They just won’t die off; last September, rumours surfaced that Twitter was considering dropping its 140-character limit. Yesterday, more fuel was added to the fire by claims that the company is considering a 10,000 character-limit.
That’s a huge margin. You will remember that Twitter already increased the limit for Direct Messages to the same 10,000 characters. So the figure is not all surprising. But then we have to remember this is just a rumour.
According to Re/code the feature, which is being tested internally with codename “Beyond 140”, will be implemented in a way that will not tamper with the current User Experience:
Tweets appear the same way they do now, displaying just 140 characters, with some kind of call to action that there is more content you can’t see. Clicking on the tweets would then expand them to reveal more content. The point of this is to keep the same look and feel for your timeline, although this design is not necessarily final, sources say.

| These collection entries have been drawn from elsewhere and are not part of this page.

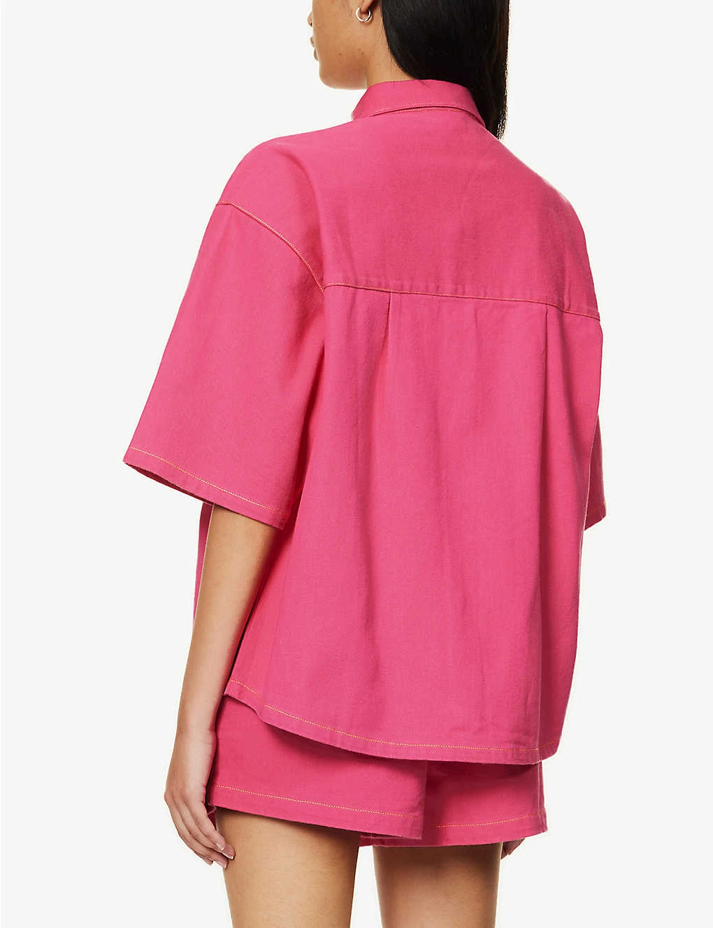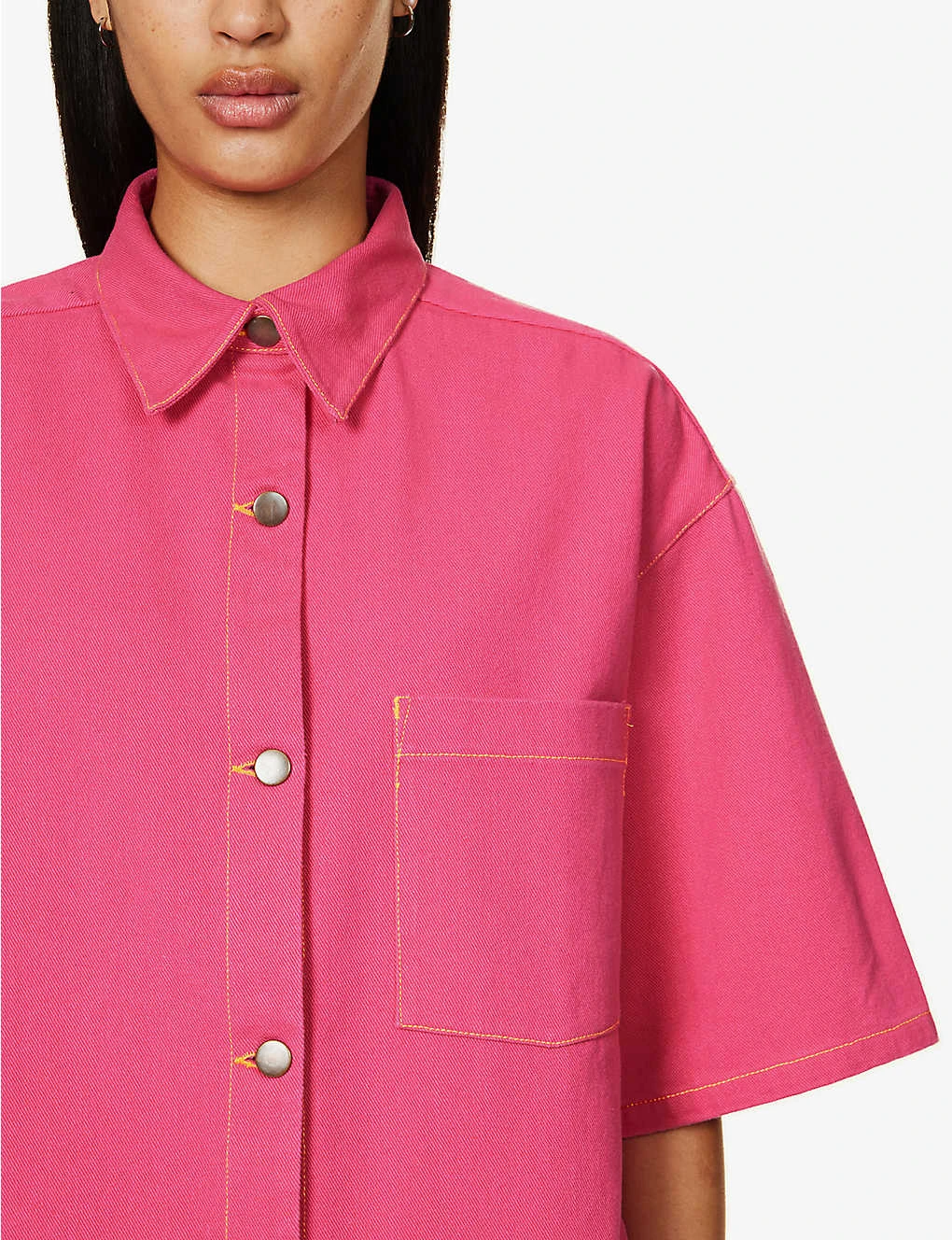 - Boxy fit, collar, dropped shoulders, short sleeves, patch pocket at chest, contrast stitching, pleated yoke
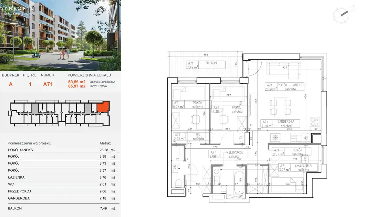 Mieszkanie o powierzchni 65,97 m2 składa się z:
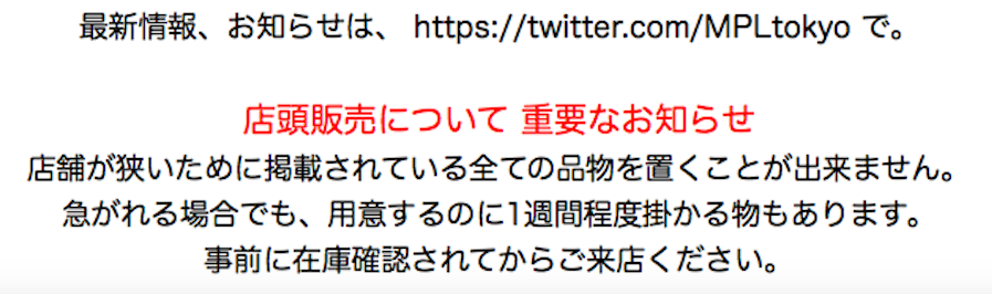 秋葉原店のご案内 最新情報は、https://twitter.com/MPLtokyo で!
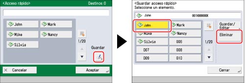 Para cancelar un destino especificado, seleccione de nuevo el destino que desea guardar.
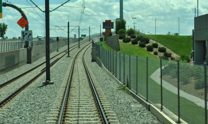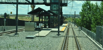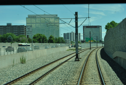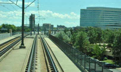 Travelling along the E Line en route to Arapahoe at Village Center station.
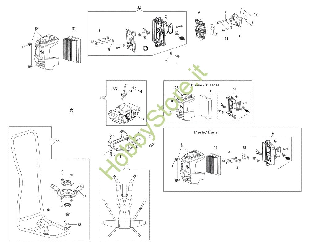 ATTENZIONE: Se nella lista sotto non compaiono i relativi ricambi riportati nell'esploso
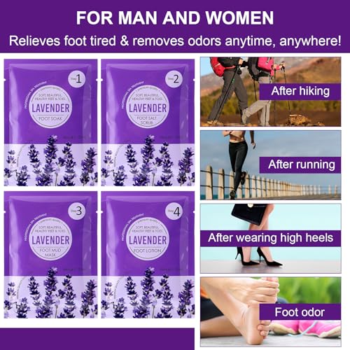 Individually Packed, Personally Designed: each of our pedicure kits comes individually packaged; Each box holds a bag of foot soak, a foot scrub, a foot mask, and a foot lotion; With these at hand, you have a complete foot care procedure at your fingertips in most places and times
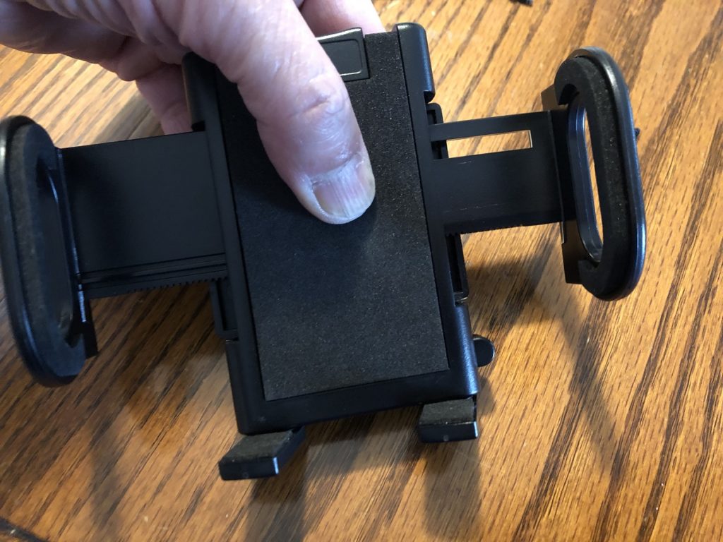 組み上がったスマホホルダー、問題なく作動するかを試してみました。
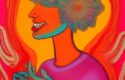 A woman with a laughing flower in her hand is depicted in a psychedelic art style. The painting has an ultra wide-angle perspective
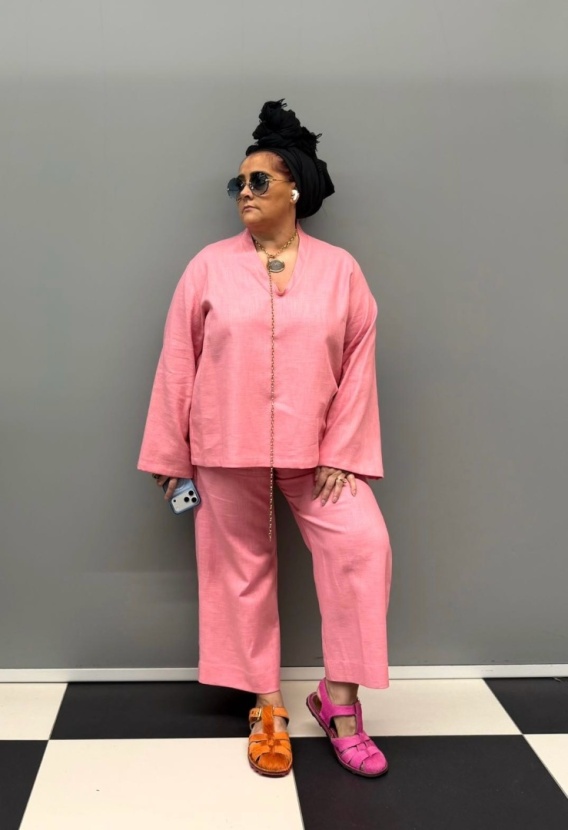 Komplet MIRELLA od polskiej marki Rivabella to elegancja propozycja na każdą okazję. Tunika i spodnie łączy kobiecość z nowoczesną formą. Spodnie na elastycznej gumie zapewniają komfort i swobodnę ruchów. Po bokach rozporki i stylowe lamówki . Tunika dekolt V.

It would seem that Twitter wants to become some sort of full-on blogging platform. Or is at least looking for ways to help users say more in a single tweet. But there are already a number of features (official and unofficial) that achieve the desired result. As I wrote in a previous post:
Over the years, users have continued to demand for an expansion of the character limit. Twitter has responded in several interesting ways, from introducing Twitter cards, the ability to quote Tweets and, most recently, allowing unlimited characters in DMs. But for most users, these just don’t quite cut it. Users have since found workarounds using tools like twitlonger (mostly now out of fashion) and, more recently, services like OneShot which allows them send screenshots of long text to Twitter. User have also picked up the the habit of Twitterstorms, which some find annoying.
Twitter also owns external platforms like Vine and Medium that really do allow users say more with less. Twitter is doing just fine the way it is. Let’s not even talk about the huge burden it would be on Twitter’s servers, if users were uploading 10,000-character tweets every second.
Twitter CEO, Jack Dorsey, has responded to the rumours with an ironically screenshoted text (and somewhat cryptic) tweet.
— jack (@jack) January 5, 2016
Bottomline. The 140-character limit is going away alright, but there is no mention of a 10,000-character limit. Rather, Twitter is looking for creative ways to incorporate some of the unofficial ways we currently use the service to say more. That is the most probable approach. It’s the same way mentions, retweets and hashtags, were invented by users before being officially adopted by Twitter.
Forget about the 10,000 character-limit increase. It’s never happening.